__Exercise__: Please retype the listing below word for word and exclude its images.

__Raw data__:

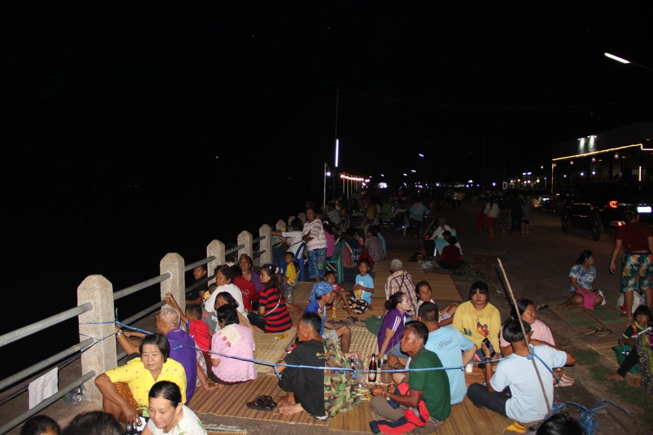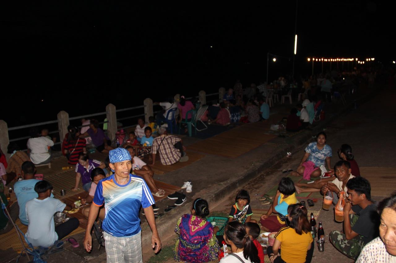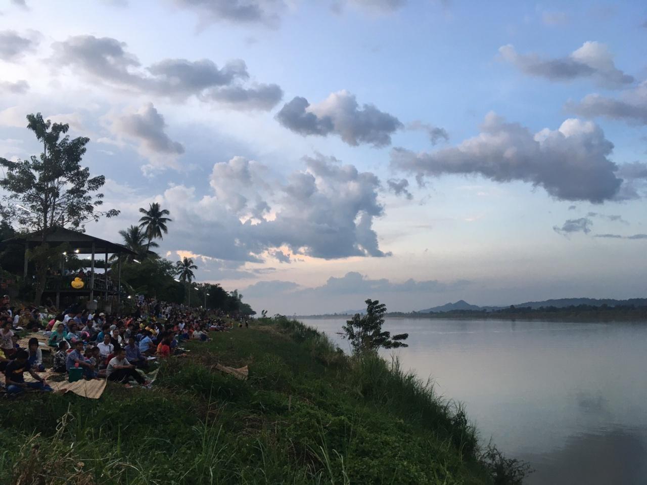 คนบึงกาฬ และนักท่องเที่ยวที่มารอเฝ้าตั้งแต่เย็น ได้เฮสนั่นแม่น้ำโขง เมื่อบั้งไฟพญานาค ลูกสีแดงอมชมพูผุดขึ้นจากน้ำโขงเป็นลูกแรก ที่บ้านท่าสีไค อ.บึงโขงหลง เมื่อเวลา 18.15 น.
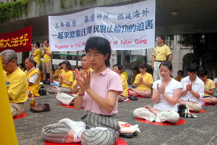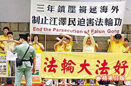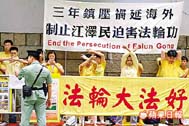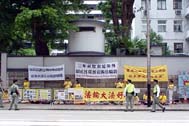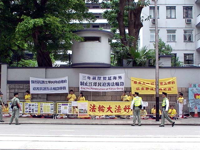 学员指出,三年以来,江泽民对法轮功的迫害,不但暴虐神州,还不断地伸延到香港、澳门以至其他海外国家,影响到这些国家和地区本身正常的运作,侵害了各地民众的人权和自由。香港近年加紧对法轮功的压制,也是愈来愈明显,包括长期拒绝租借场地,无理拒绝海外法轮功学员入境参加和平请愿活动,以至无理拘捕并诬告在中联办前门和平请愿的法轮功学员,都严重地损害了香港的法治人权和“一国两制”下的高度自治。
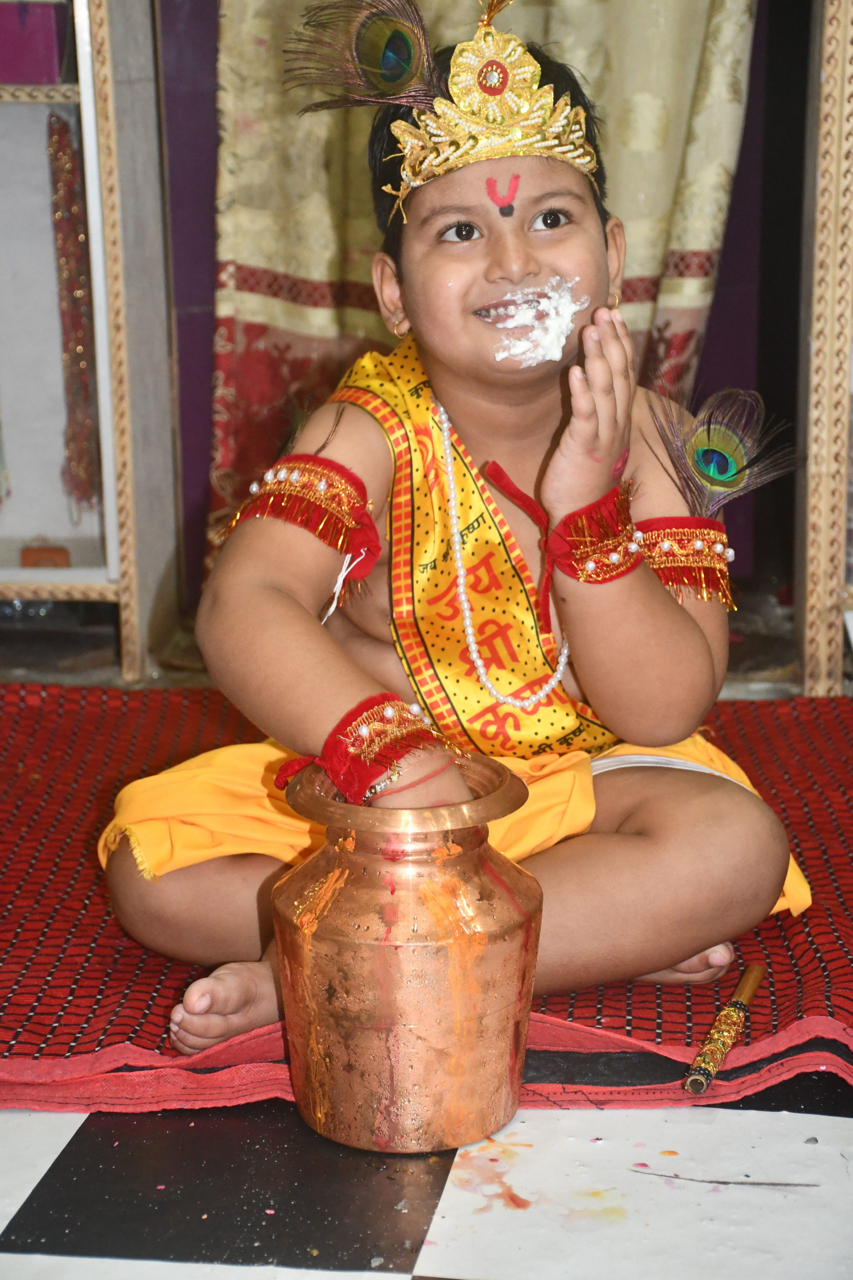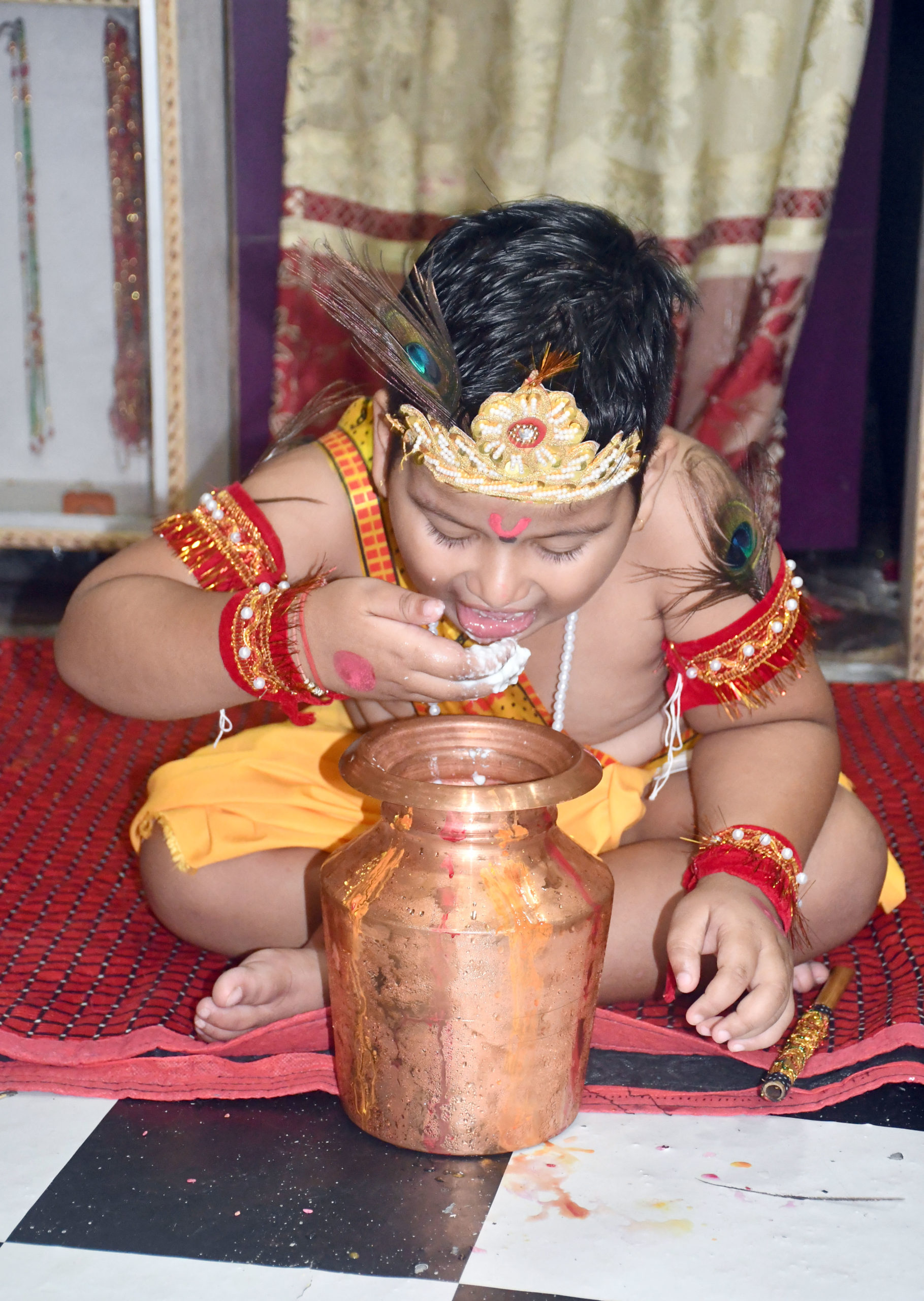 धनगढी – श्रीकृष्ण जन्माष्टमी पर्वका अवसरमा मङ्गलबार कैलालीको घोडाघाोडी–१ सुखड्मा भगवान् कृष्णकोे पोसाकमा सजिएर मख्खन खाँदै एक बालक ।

__Task result__:
 คนบึงกาฬ และนักท่องเที่ยวที่มารอเฝ้าตั้งแต่เย็น ได้เฮสนั่นแม่น้ำโขง เมื่อบั้งไฟพญานาค ลูกสีแดงอมชมพูผุดขึ้นจากน้ำโขงเป็นลูกแรก ที่บ้านท่าสีไค อ.บึงโขงหลง เมื่อเวลา 18.15 น.
 学员指出,三年以来,江泽民对法轮功的迫害,不但暴虐神州,还不断地伸延到香港、澳门以至其他海外国家,影响到这些国家和地区本身正常的运作,侵害了各地民众的人权和自由。香港近年加紧对法轮功的压制,也是愈来愈明显,包括长期拒绝租借场地,无理拒绝海外法轮功学员入境参加和平请愿活动,以至无理拘捕并诬告在中联办前门和平请愿的法轮功学员,都严重地损害了香港的法治人权和“一国两制”下的高度自治。
 धनगढी – श्रीकृष्ण जन्माष्टमी पर्वका अवसरमा मङ्गलबार कैलालीको घोडाघाोडी–१ सुखड्मा भगवान् कृष्णकोे पोसाकमा सजिएर मख्खन खाँदै एक बालक ।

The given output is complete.